What's needed is a word-for-word retyping of the entries below, pictures omitted.

======== EXCERPTED DATA ========

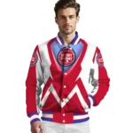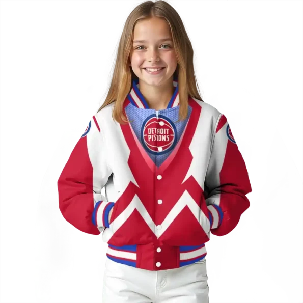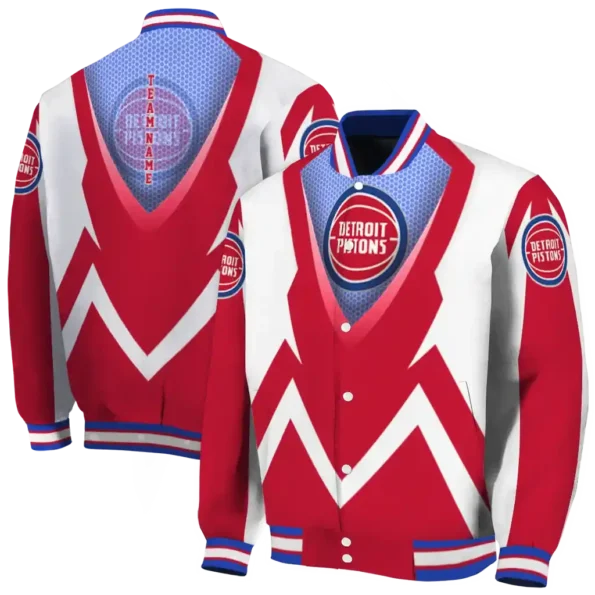 For the discerning NBA fan who values elevated style, this Custom Detroit Pistons Chevron Arrow Red Bomber Jacket from Detroit Pistons Jackets’s NBA Fan Pro boasts premium construction for lasting comfort and a proud display of team spirit. Its distinctive design and superior quality offer exceptional value, allowing you to wear your fandom with the same pride as your favorite jersey.
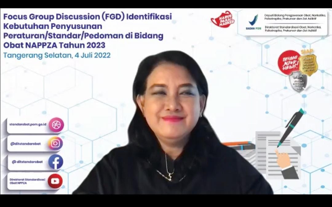 Dalam rangka perencanaan penyusunan peraturan/standar/pedoman di bidang obat, narkotika, psikotropika, prekursor, dan zat adiktif tahun 2023, Direktorat Standardisasi Obat, Narkotika, Psikotropika, Prekursor, dan Zat Adiktif mengadakan FGD pada tangg -
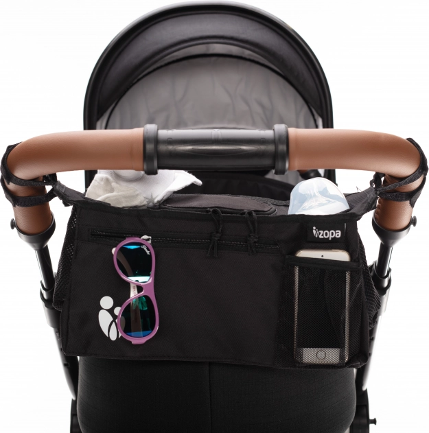 Praktyczny i przejrzysty organizer do wózka jest idealny na spacery z dzieckiem. Przednia część organizera zawiera dużą kieszeń na suwak na drobiazgi, które mama może potrzebować podczas spaceru. Przód jest również wyposażony w kieszonkę z siateczki na telefon komórkowy, dzięki czemu mama zawsze widzi, gdy coś dzieje się z telefonem, mimo trybu cichego. Dziecka to nie obudzi.
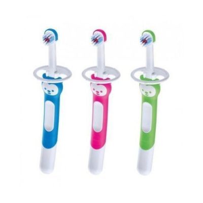 A biztonsági pajzs biztonságos távolságban tartja a kefét a baba szájüregének hátsó részétől.
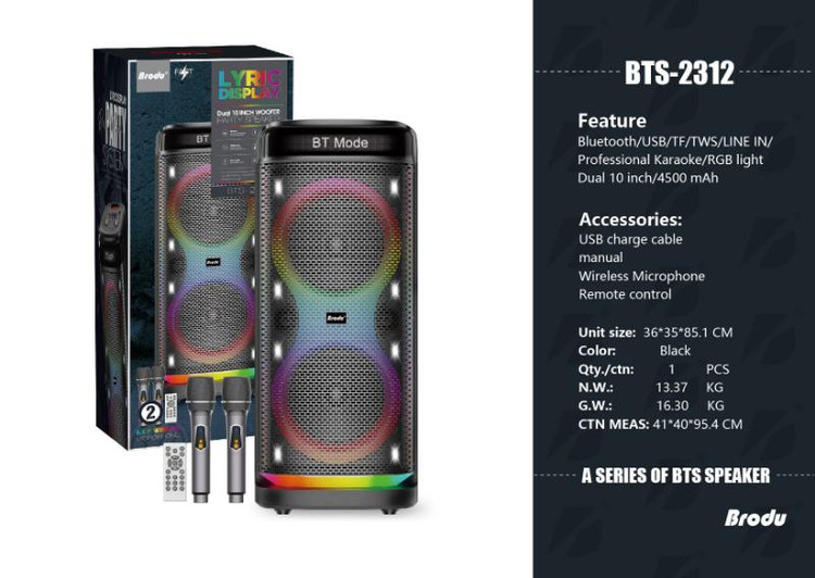 اسپیکر و قدرتمند و قابل حمل Bordu bts-2312می توانید مهمانی را با صدای قدرتمند و نمایش نور پویا و تمام عیار شروع کنید. این دستگاه ، با صدای قدرتمند و باس عمیق همراه با ولوم اکو و دیلی ، برای هر مهمانی، محتوای جدیدی به ارمغان می آورد. همچنین مجموعه ای از فن آوری های پیشرفته مانند بلوتوث را در خود دارد. استفاده از میکروفون اسپیکر جهت آواز. پشتیبانی USB، AUX، رادیو ، HD Sounds ، تکنولوژی میک پری و... از جذابیت های دیگر این اسپیکر می باشد.
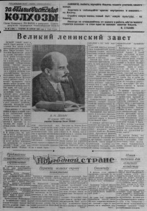 I \ \ ь Пролетарии, всех' стран, соединяйтесь! ыШте^иеЯскЬе КОЛХОЗЫ Орган Северного РК ВКП(б) и районного Совета депутатов трудящихся Новосибирской области М» 33 (1434) ■ I ВТОРНИК, 22 АПРЕЛЯ 1952 года | Цена 10 коп. ПОМНИТЕ, любите, изучайте Ильича, нашего учителя, нашего вождя. Боритесь и побеждайте врагов, внутренних и внешних,— по Ильичу. Стройте новую жи!нь, новый быт, новую культуру , — по Ильичу. Никогда не отказывайтесь от малого в работе, ибо из малого строится великое— в этом один из важных заветов Ильича. И. СТАЛИН. Великий ленинский завет В. И. ЛЕНИН 22 апреля 1870 года родился Владимир Ильич ЛЕНИН этом свидетельствует вся и л н с и о т - з о п м р о а и л я и в ти н ч с а е т ш с р к о е и й и й тел с ь т с с р о т а ю в н а з е. со В р ц о а и б е а н о чих и крестьян способствовал победе Красной Армии над Д зя е й н с и т к в и е н н ы н м ое и К с о о л тр ч у а д к н о и м ч . ест Х в о о м м сп е а е ж ч в д и у л н о г а о ш р п о е о д й с о т м р с о т е р и н ан и д е е е . ре с в о н ц е и й ал о и бе з ю ва з р н В я о ы м ст 1 с у 9 ъ п 2 е а 4 з я де н [С г а о о д в В а е т т о о п р в о ом 2 п В 6 о с в е я о с н д о у р л см и и щ е к р и т й С и т в а В о л ж и . д н ь И. г и ов Л о е р н у и ч и л и н : т а е , ль наш тов в а е «Уходя от нас, товарищ Ленин завещал нам укреплять всеми силами союз рабочих и к ва р р е и с щ тья Л н е . н К ин л , ян ч е то мс м я ы с те ч б е е с , ть т ю о в в е ы С д п о ь о в !» л ет н с и к м ий и на э р т о у д п т од вою руко з в а о п д о ством большевистской партии, товарища Сталина неуклонно выполняет великий ленинский завет об укреплении союза рабочих и крестьян. Рабочий касс СССР помог с п о и в т е ь тск н о а м п у ут к ь ре к с р т у ь п ян но ст г в о у к в о с л т л у е^ ктивного социалистического с ельского хозяйства. Победа колхозного строя сделала союз рабочих и крестьян еще более прочным. Был ликвидирован самый с с п тр л а у н ат е— ато к р у м с л н к а о и ч г й е о с ч т к и в л с о л а . е с н с С н о в ы ве й н т а с ш ка е э я й к в ч н л е о а с й с к т у и ь ю ж п б и о а з л н з у у е ч н и н в л о а сам н с о е о й о ц б и х а о о л д б и и ш с м т и о и й р области народного хозяйства— в ш ра е л с й е ь л н с ь о т с - р п к а о о н м л е ити хо у ч т з е в я с е к й р о с д е т и в л е е о . д с и ь В нст м в н о о а всего общества. лен С н о о ц с и ть алис с т н и а ч б е ж с а к е а т я п се р л о ь м с ы к ш ое х ш о и з н я а й м ст и в . о п С е о р в в е о т к с л к а и с е сным у и чен м ы ае п ж е е р н Н е и д е я а р ю аз а т р г ы р к о в о н н л о ы х м о й и зн ч с е и о с к ю к а о з м й ра н б д а о о у ч с к т е и г и о . к ст л в а а сса яви и л к ся олхо о з с н н о о г в о ой кре п с о т б ь е я д н ы советского народа в Великой Отечественной войне. С помощью рабочего класса к в н и о о д в лх и ан л о о з но но к е о р р к а о р з т е о к с р и т е ь й н я н н с о с р е т о в к о в в о о в с й ст н н а о е й сельское хозяйство. На наших глазах выполняется великий л н т с ю т а и а ^ я л к в и р Д п н е р а с с г и т к о р ь и й о я й , д н ы и п . с н л п а а В а н — с е т к н и о п а в р п е у е о ч р о и н о б т а ж р ь я а а з й м з о е в е м о ч а т губительных ществляется бла с г у о х д о ар в я еев о — гр о о с м у - [ ной помощи государства, со-' цпалистпческой нос П т р и е . образилась п н р е омы т ш о л л е ь н к о э в к е о тс н к о о м й ика, де н р о ев и ни к . уль В тур н а аш со ей стране крестьянин не имеет т н к е а ы п м е и р , ь к з у а н л б и и а ч т к е ы а г , м о к р а о а к б б и щ о м м его бы п с л оме т к щ е р м и е с в с с к я т о о ь л й я ю и н ц и п и н о и , с д о о ц с и е 
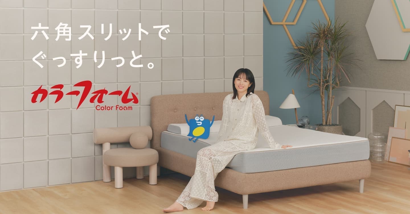 さらにポップな寝室のインテリアや清野さんが着用するメガネのフレームなど、至る所にカラーフォームマットレスの特徴である“六角形”が隠れています。
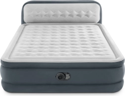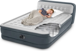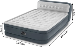 Kétszeres falú INTEX felfújható ágy Dura-Beam Fiber-Tech technológiával, nagy fekvőfelülettel, integrált háttámlával és beépített elektromos pumpával a gyors felfújáshoz és leeresztéshez. A padlótól mért 46 cm magasság és a puha velúr felület kényelmet, stabilitást és letisztult megjelenést biztosít. A 272 kg maximális teherbírás megbízható alvást nyújt két személy számára.

========

- RESPONSE
 For the discerning NBA fan who values elevated style, this Custom Detroit Pistons Chevron Arrow Red Bomber Jacket from Detroit Pistons Jackets’s NBA Fan Pro boasts premium construction for lasting comfort and a proud display of team spirit. Its distinctive design and superior quality offer exceptional value, allowing you to wear your fandom with the same pride as your favorite jersey.
 Dalam rangka perencanaan penyusunan peraturan/standar/pedoman di bidang obat, narkotika, psikotropika, prekursor, dan zat adiktif tahun 2023, Direktorat Standardisasi Obat, Narkotika, Psikotropika, Prekursor, dan Zat Adiktif mengadakan FGD pada tangg -
 Praktyczny i przejrzysty organizer do wózka jest idealny na spacery z dzieckiem. Przednia część organizera zawiera dużą kieszeń na suwak na drobiazgi, które mama może potrzebować podczas spaceru. Przód jest również wyposażony w kieszonkę z siateczki na telefon komórkowy, dzięki czemu mama zawsze widzi, gdy coś dzieje się z telefonem, mimo trybu cichego. Dziecka to nie obudzi.
 A biztonsági pajzs biztonságos távolságban tartja a kefét a baba szájüregének hátsó részétől.
 اسپیکر و قدرتمند و قابل حمل Bordu bts-2312می توانید مهمانی را با صدای قدرتمند و نمایش نور پویا و تمام عیار شروع کنید. این دستگاه ، با صدای قدرتمند و باس عمیق همراه با ولوم اکو و دیلی ، برای هر مهمانی، محتوای جدیدی به ارمغان می آورد. همچنین مجموعه ای از فن آوری های پیشرفته مانند بلوتوث را در خود دارد. استفاده از میکروفون اسپیکر جهت آواز. پشتیبانی USB، AUX، رادیو ، HD Sounds ، تکنولوژی میک پری و... از جذابیت های دیگر این اسپیکر می باشد.
 I \ \ ь Пролетарии, всех' стран, соединяйтесь! ыШте^иеЯскЬе КОЛХОЗЫ Орган Северного РК ВКП(б) и районного Совета депутатов трудящихся Новосибирской области М» 33 (1434) ■ I ВТОРНИК, 22 АПРЕЛЯ 1952 года | Цена 10 коп. ПОМНИТЕ, любите, изучайте Ильича, нашего учителя, нашего вождя. Боритесь и побеждайте врагов, внутренних и внешних,— по Ильичу. Стройте новую жи!нь, новый быт, новую культуру , — по Ильичу. Никогда не отказывайтесь от малого в работе, ибо из малого строится великое— в этом один из важных заветов Ильича. И. СТАЛИН. Великий ленинский завет В. И. ЛЕНИН 22 апреля 1870 года родился Владимир Ильич ЛЕНИН этом свидетельствует вся и л н с и о т - з о п м р о а и л я и в ти н ч с а е т ш с р к о е и й и й тел с ь т с с р о т а ю в н а з е. со В р ц о а и б е а н о чих и крестьян способствовал победе Красной Армии над Д зя е й н с и т к в и е н н ы н м ое и К с о о л тр ч у а д к н о и м ч . ест Х в о о м м сп е а е ж ч в д и у л н о г а о ш р п о е о д й с о т м р с о т е р и н ан и д е е е . ре с в о н ц е и й ал о и бе з ю ва з р н В я о ы м ст 1 с у 9 ъ п 2 е а 4 з я де н [С г а о о д в В а е т т о о п р в о ом 2 п В 6 о с в е я о с н д о у р л см и и щ е к р и т й С и т в а В о л ж и . д н ь И. г и ов Л о е р н у и ч и л и н : т а е , ль наш тов в а е «Уходя от нас, товарищ Ленин завещал нам укреплять всеми силами союз рабочих и к ва р р е и с щ тья Л н е . н К ин л , ян ч е то мс м я ы с те ч б е е с , ть т ю о в в е ы С д п о ь о в !» л ет н с и к м ий и на э р т о у д п т од вою руко з в а о п д о ством большевистской партии, товарища Сталина неуклонно выполняет великий ленинский завет об укреплении союза рабочих и крестьян. Рабочий касс СССР помог с п о и в т е ь тск н о а м п у ут к ь ре к с р т у ь п ян но ст г в о у к в о с л т л у е^ ктивного социалистического с ельского хозяйства. Победа колхозного строя сделала союз рабочих и крестьян еще более прочным. Был ликвидирован самый с с п тр л а у н ат е— ато к р у м с л н к а о и ч г й е о с ч т к и в л с о л а . е с н с С н о в ы ве й н т а с ш ка е э я й к в ч н л е о а с й с к т у и ь ю ж п б и о а з л н з у у е ч н и н в л о а сам н с о е о й о ц б и х а о о л д б и и ш с м т и о и й р области народного хозяйства— в ш ра е л с й е ь л н с ь о т с - р п к а о о н м л е ити хо у ч т з е в я с е к й р о с д е т и в л е е о . д с и ь В нст м в н о о а всего общества. лен С н о о ц с и ть алис с т н и а ч б е ж с а к е а т я п се р л о ь м с ы к ш ое х ш о и з н я а й м ст и в . о п С е о р в в е о т к с л к а и с е сным у и чен м ы ае п ж е е р н Н е и д е я а р ю аз а т р г ы р к о в о н н л о ы х м о й и зн ч с е и о с к ю к а о з м й ра н б д а о о у ч с к т е и г и о . к ст л в а а сса яви и л к ся олхо о з с н н о о г в о ой кре п с о т б ь е я д н ы советского народа в Великой Отечественной войне. С помощью рабочего класса к в н и о о д в лх и ан л о о з но но к е о р р к а о р з т е о к с р и т е ь й н я н н с о с р е т о в к о в в о о в с й ст н н а о е й сельское хозяйство. На наших глазах выполняется великий л н т с ю т а и а ^ я л к в и р Д п н е р а с с г и т к о р ь и й о я й , д н ы и п . с н л п а а В а н — с е т к н и о п а в р п е у е о ч р о и н о б т а ж р ь я а а з й м з о е в е м о ч а т губительных ществляется бла с г у о х д о ар в я еев о — гр о о с м у - [ ной помощи государства, со-' цпалистпческой нос П т р и е . образилась п н р е омы т ш о л л е ь н к о э в к е о тс н к о о м й ика, де н р о ев и ни к . уль В тур н а аш со ей стране крестьянин не имеет т н к е а ы п м е и р , ь к з у а н л б и и а ч т к е ы а г , м о к р а о а к б б и щ о м м его бы п с л оме т к щ е р м и е с в с с к я т о о ь л й я ю и н ц и п и н о и , с д о о ц с и е 
 さらにポップな寝室のインテリアや清野さんが着用するメガネのフレームなど、至る所にカラーフォームマットレスの特徴である“六角形”が隠れています。
 Kétszeres falú INTEX felfújható ágy Dura-Beam Fiber-Tech technológiával, nagy fekvőfelülettel, integrált háttámlával és beépített elektromos pumpával a gyors felfújáshoz és leeresztéshez. A padlótól mért 46 cm magasság és a puha velúr felület kényelmet, stabilitást és letisztult megjelenést biztosít. A 272 kg maximális teherbírás megbízható alvást nyújt két személy számára.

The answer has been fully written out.